### DATA SEGMENT
'''
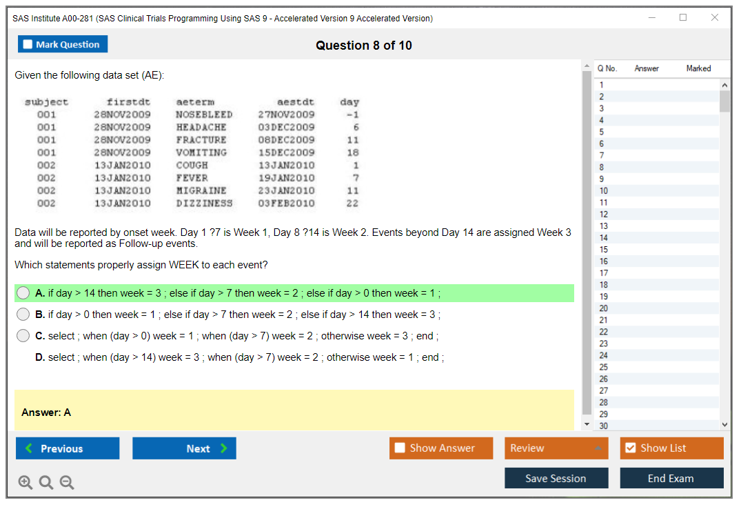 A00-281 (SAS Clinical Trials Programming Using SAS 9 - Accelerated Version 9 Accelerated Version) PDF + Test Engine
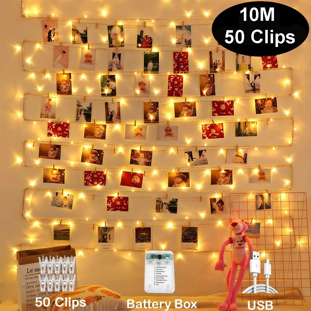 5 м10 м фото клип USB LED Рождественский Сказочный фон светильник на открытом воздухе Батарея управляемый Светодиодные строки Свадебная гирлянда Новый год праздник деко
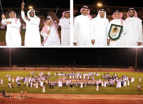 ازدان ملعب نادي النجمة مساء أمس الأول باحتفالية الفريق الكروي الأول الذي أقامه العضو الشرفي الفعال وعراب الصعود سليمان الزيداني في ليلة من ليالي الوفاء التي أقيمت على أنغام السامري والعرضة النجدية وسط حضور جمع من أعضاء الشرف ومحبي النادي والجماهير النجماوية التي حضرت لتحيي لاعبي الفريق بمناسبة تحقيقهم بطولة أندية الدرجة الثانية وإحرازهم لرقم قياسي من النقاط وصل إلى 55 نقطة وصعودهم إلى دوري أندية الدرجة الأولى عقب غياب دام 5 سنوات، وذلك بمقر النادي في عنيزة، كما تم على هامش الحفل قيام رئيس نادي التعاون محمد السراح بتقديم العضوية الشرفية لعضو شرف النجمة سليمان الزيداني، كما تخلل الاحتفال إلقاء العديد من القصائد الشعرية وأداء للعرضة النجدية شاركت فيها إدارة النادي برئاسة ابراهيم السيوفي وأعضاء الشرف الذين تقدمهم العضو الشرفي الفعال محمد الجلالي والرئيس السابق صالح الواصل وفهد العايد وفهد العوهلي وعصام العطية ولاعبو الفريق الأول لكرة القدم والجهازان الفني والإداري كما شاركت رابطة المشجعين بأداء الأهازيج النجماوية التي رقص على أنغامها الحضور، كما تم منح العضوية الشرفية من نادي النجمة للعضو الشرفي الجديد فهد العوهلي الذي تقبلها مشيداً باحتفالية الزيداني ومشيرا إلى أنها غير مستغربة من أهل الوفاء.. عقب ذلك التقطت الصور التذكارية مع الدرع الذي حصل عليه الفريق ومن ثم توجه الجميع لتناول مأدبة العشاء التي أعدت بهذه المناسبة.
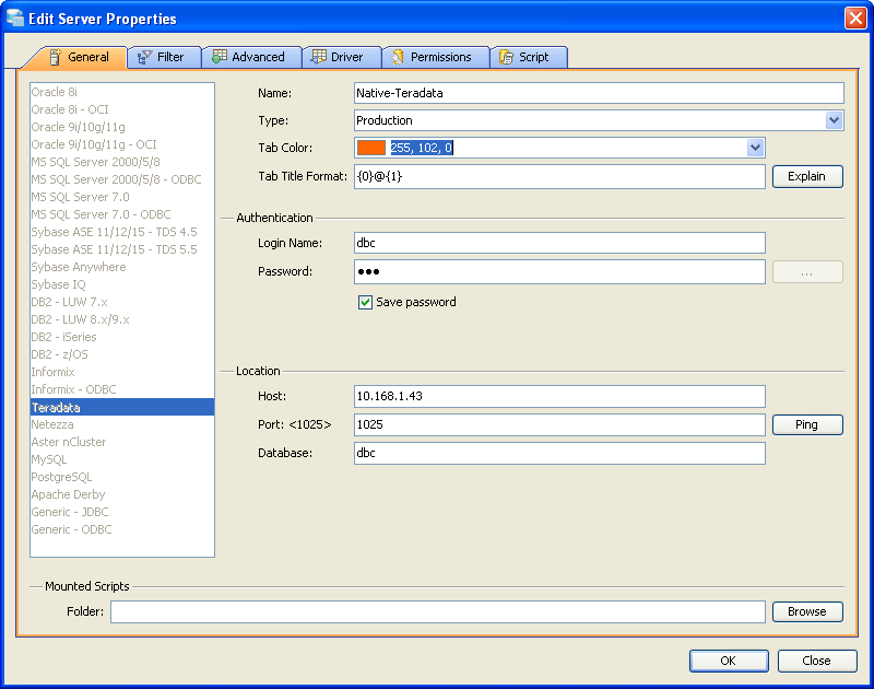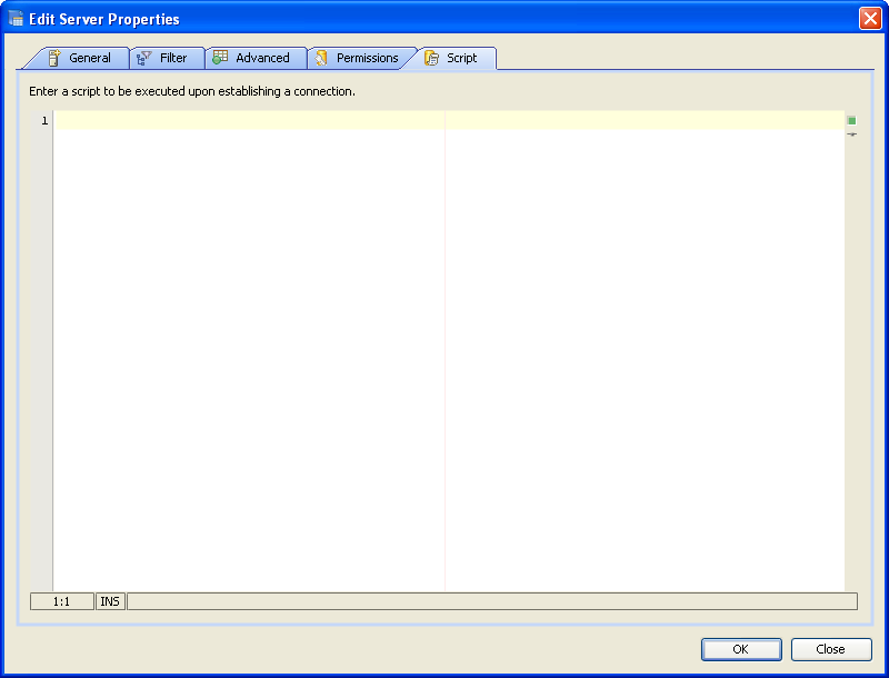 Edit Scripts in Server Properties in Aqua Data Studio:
'''
### PROBLEM REQUIREMENTS
Write out nothing but the lines from the start of the data through the line with "5 м10 м фото". Leave out the pictures.

### OUTPUT BELOW
 A00-281 (SAS Clinical Trials Programming Using SAS 9 - Accelerated Version 9 Accelerated Version) PDF + Test Engine
 5 м10 м фото клип USB LED Рождественский Сказочный фон светильник на открытом воздухе Батарея управляемый Светодиодные строки Свадебная гирлянда Новый год праздник деко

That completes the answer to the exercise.